The verifier can then check to see if the timestamp is valid: $T_{verifier} > T_{prover}$; and that it was created recent enough: $T_{verifier} - T_{prover} < Threshold$. Then it may be possible for the verifier to ensure the prover has adequate permission to request decryption access to $A$ using the identity information $I_{prover}$. If everything checks out, the verifier then checks to see if $W_{prover} = W_{verifier}$ using a timing-safe comparison and its own knowledge of $B$.

If the verifier's results are the same as the prover's, then the prover is given the key $C$, which could be 32 random bytes. If not, then the connection is terminated, and the verifier could keep track of how many failed attempts for decryption access to file $A$ were initiated by the prover associated with identity $I_{prover}$.

Final Comments:

This is an incomplete overview of a potential protocol which you could use to solve your problem.

Very importantly, it's missing the specifics for how the communication channels between prover and verifier are secured and authenticated.
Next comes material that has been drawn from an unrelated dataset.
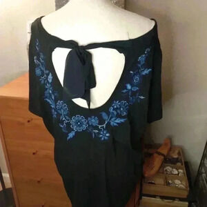 Lane Bryant embroidery with tie back black top Sz 22/24 Never worn
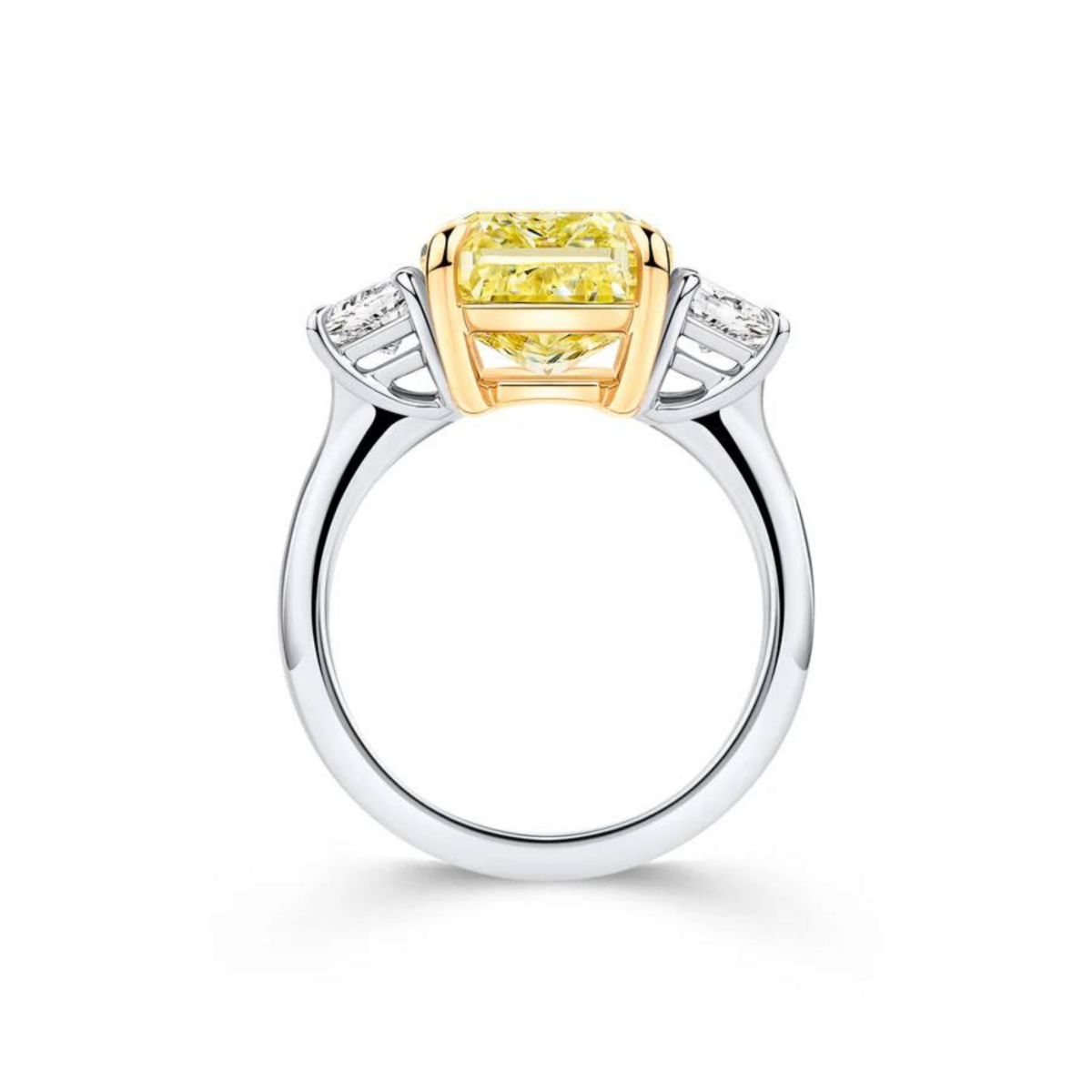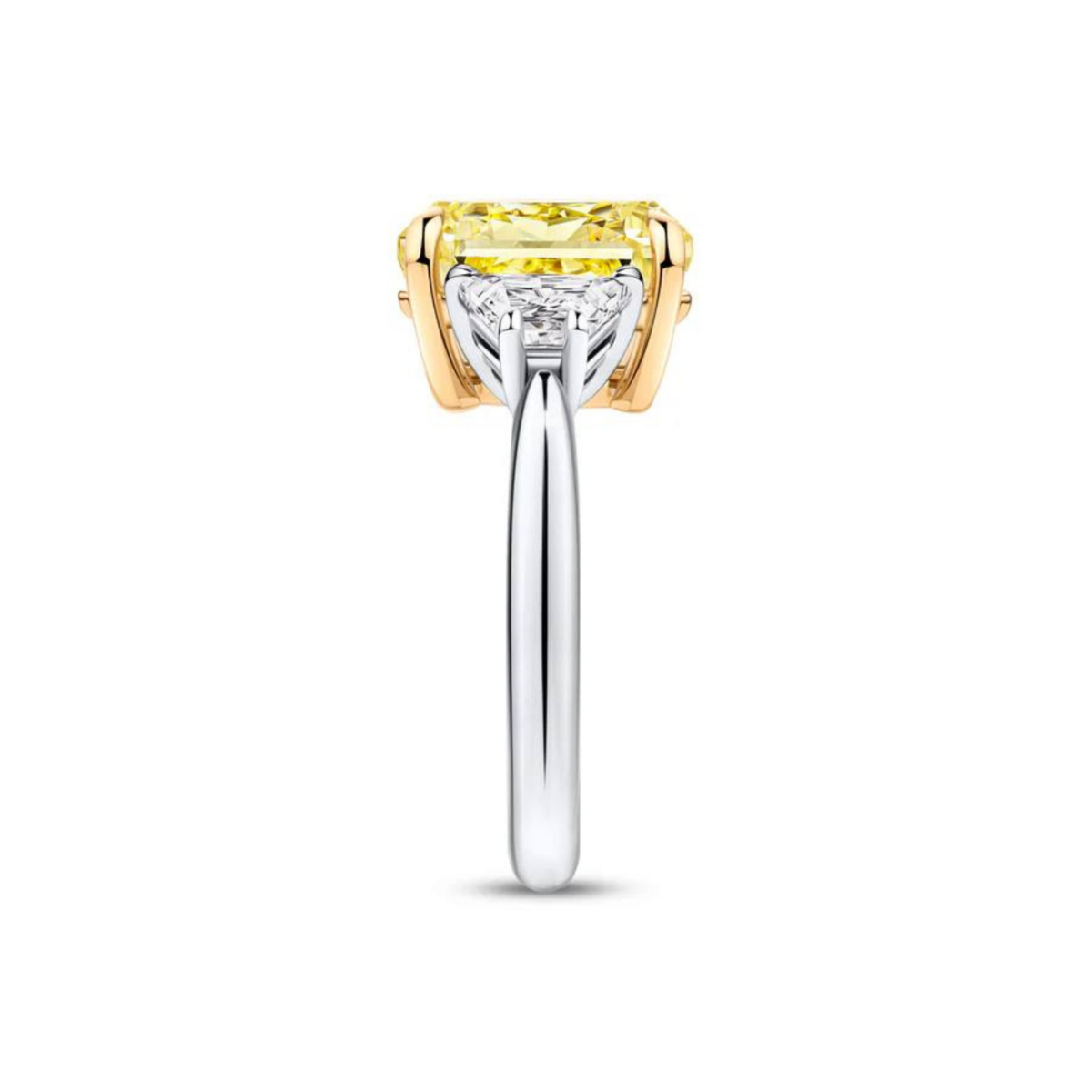 Каблучка "Clarion" з білого та жовтого золота, з лабораторним 5-ти каратним діамантом в огранці "Кушон", в кольорі Fancy vivid yellow

Similarly, if $I_{prover}$ is used to implement access controls, it would be important to also verify the prover is the legitimate entity associated with that identity.

In regards to the use of hash functions and $HMAC$. It's prudent to not just concatenate inputs together, but to encode them prior to hashing so as to mitigate canonicalization attacks. One simple way this is done is to count the number of inputs, measure the length of each input in order, then concatenate the inputs and prepend the metadata you just calculated. This helps ensure no potentially exploitable, or error inducing, unintended significance can be attributed to the inputs.

+ 0

Score:0

Crypto

poncho

6/22/24, 10:17 PM

Easy enough:

Take B and hash it with a cryptographically secure hash function; for example, K := SHA256( B )

Background: a hash function takes an arbitrary length string, such as your file B, and converts it into a short (256 bit) string in such a way that someone without guessing B can guess what that string is [1]. There are a number of secure hash functions; SHA-256 is a popular one.

Take A and encrypt it with the value K; for example, Ciphertext := AES-GCM(K, A)

Background: encryption converts a file (such as A) into a form such that, without knowledge of the key (K), no one can get any information about A (other than its size - you could disguise that by, say, padding all files to the maximum length; that's generally costly enough that we don't bother). There are a number of secure encryption algorithms, AES-GCM is a popular one.

Most crypto packages should give you access to both hashing and encryption based on a key.

[1]: Actually, that's not how a cryptographer would explain it; it has a number of security properties beyond that; however that's what you need.

+ 0

Elon Musk

I sit in a Tesla and translated this thread with Ai:

EN: How to require possession of arbitrary data to decrypt a file?

Post an answer

Most people don’t grasp that asking a lot of questions unlocks learning and improves interpersonal bonding. In Alison’s studies, for example, though people could accurately recall how many questions had been asked in their conversations, they didn’t intuit the link between questions and liking. Across four studies, in which participants were engaged in conversations themselves or read transcripts of others’ conversations, people tended not to realize that question asking would influence—or had influenced—the level of amity between the conversationalists.